Sous la mouvance de l’Esprit

 

L'ange du Seigneur adressa la parole à Philippe : « Mets-toi en marche vers le midi, prends la route qui descend de Jérusalem à Gaza ; elle est déserte. » Et Philippe se mit en marche. Or, un Éthiopien, un eunuque, haut fonctionnaire de Candace, reine d'Éthiopie, administrateur de tous ses trésors, était venu à Jérusalem pour adorer Dieu. Il en revenait, assis dans son char, et lisait le prophète Isaïe. L'Esprit du Seigneur dit à Philippe : « Avance, et rejoins ce char. » Philippe s'approcha en courant, et il entendit que l'homme lisait le prophète Isaïe ; alors il lui demanda : « Comprends-tu vraiment ce que tu lis ? » L'autre lui répondit : « Comment pourrais-je comprendre s'il n'y a personne pour me guider ? » Il invita donc Philippe à monter et à s'asseoir à côté de lui. Le passage de l'Écriture qu'il lisait était celui-ci : Comme une brebis, on l'a conduit à l'abattoir, comme un agneau muet devant le tondeur, il n'ouvre pas la bouche. À cause de son humiliation, sa condamnation a été levée. Sa destinée, qui la racontera ? Car sa vie a été retranchée de la terre. L'eunuque dit à Philippe : « Dis-moi, je te prie : de qui parle-t-il ? De lui-même, ou bien d'un autre ? » Alors Philippe prit la parole, et, à partir de ce passage de l'Écriture, il lui annonça la Bonne Nouvelle de Jésus.

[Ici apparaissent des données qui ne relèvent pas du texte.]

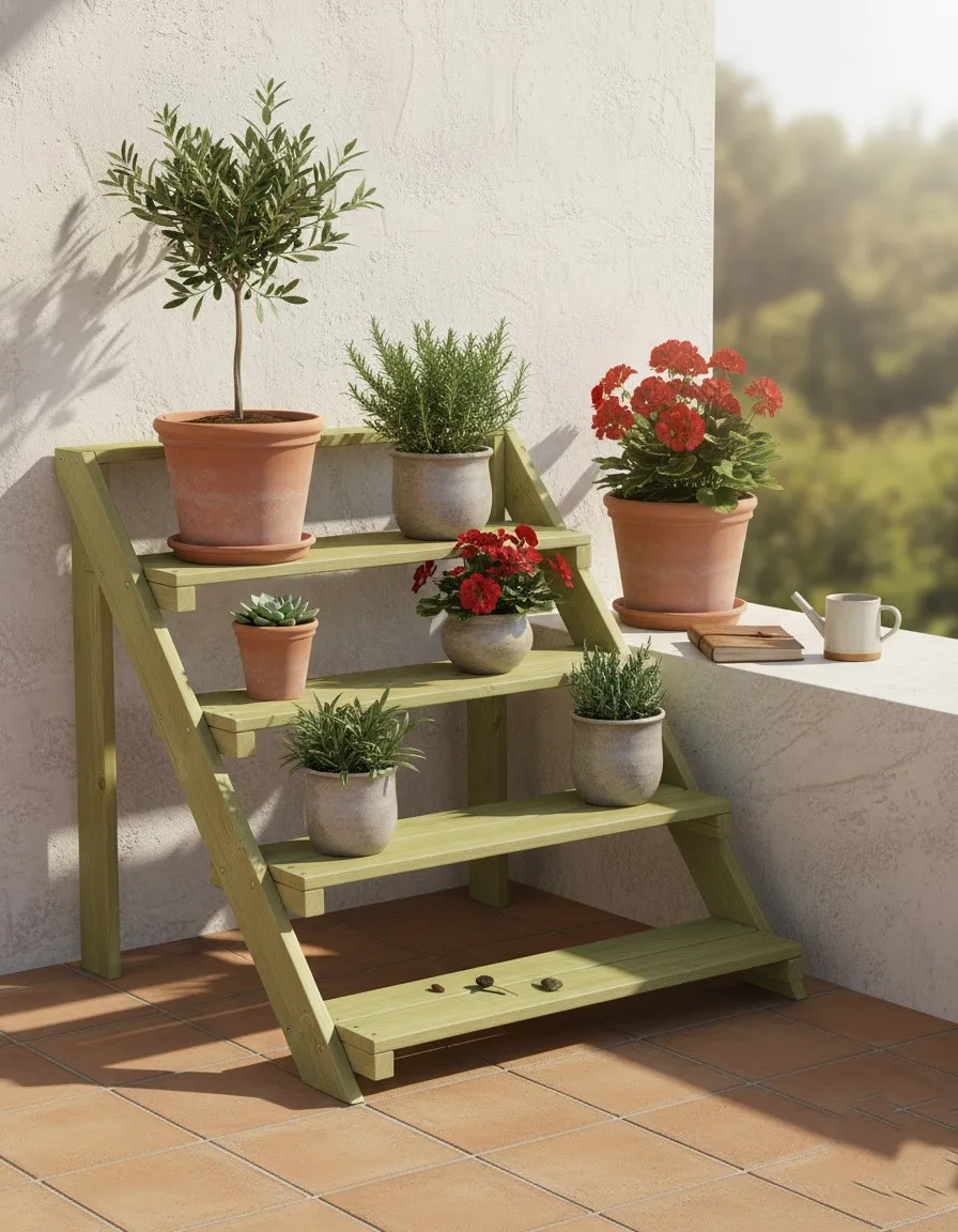- Stabilna konstrukcja o schodkowej konstrukcji z 5 półkami na doniczki.

Comme ils poursuivaient leur route, ils arrivèrent à un point d'eau, et l'eunuque dit : « Voici de l'eau : qu'est-ce qui empêche que je reçoive le baptême ? » Il fit arrêter le char, ils descendirent dans l'eau tous les deux, et Philippe baptisa l'eunuque. Quand ils furent remontés de l'eau, l'Esprit du Seigneur emporta Philippe ; l'eunuque ne le voyait plus, mais il poursuivait sa route, tout joyeux.

 

Actes des Apôtres 8, 26-38.

 

 

 Ce texte nous montre l’Esprit Saint à l’œuvre, la docilité de Philippe à ses motions et comment il a disposé l’eunuque en recherche de Vérité à accueillir celle-ci en lui inspirant de lire un texte approprié pour ce qui allait suivre. L’Esprit Saint est l’unique moteur de l’évangélisation. Il prépare le cœur des hommes de bonne volonté tout comme le laboureur passe devant le semeur. Puis, Il met sur leur route des Témoins qui viendront semer dans cette « bonne terre » (Mc 4, 8), prête à accueillir la Bonne Nouvelle. C’est Lui, encore qui assurera la croissance par ses dons, de sorte que les nouveaux convertis portent du fruit à trente pour un, soixante pour un, cent pour un.

 

Que dois-je faire pour avoir en héritage la vie éternelle? (Lc 10, 25)

 

Si je suis en quête de sens à ma vie, en recherche de Vérité, je demande instamment à l’Esprit Saint de disposer mon cœur à accueillir Celle-ci et de mettre sur ma route des personnes qui m’aideront à y parvenir. Si j’ai eu le bonheur de connaître cette Vérité et que je souhaite mettre cette connaissance au service du bien commun afin de porter le fruit attendu de moi, je demande à ce même Esprit de guider mes pas et de m’inspirer les paroles appropriées pour toucher les cœurs qu’Il a Lui-même préparés préalablement. Chercheur ou témoin, je me laisse guider par l’Esprit à défaut de quoi mes efforts demeureront vains. Hors de moi vous ne pouvez rien faire (Jn 15, 5).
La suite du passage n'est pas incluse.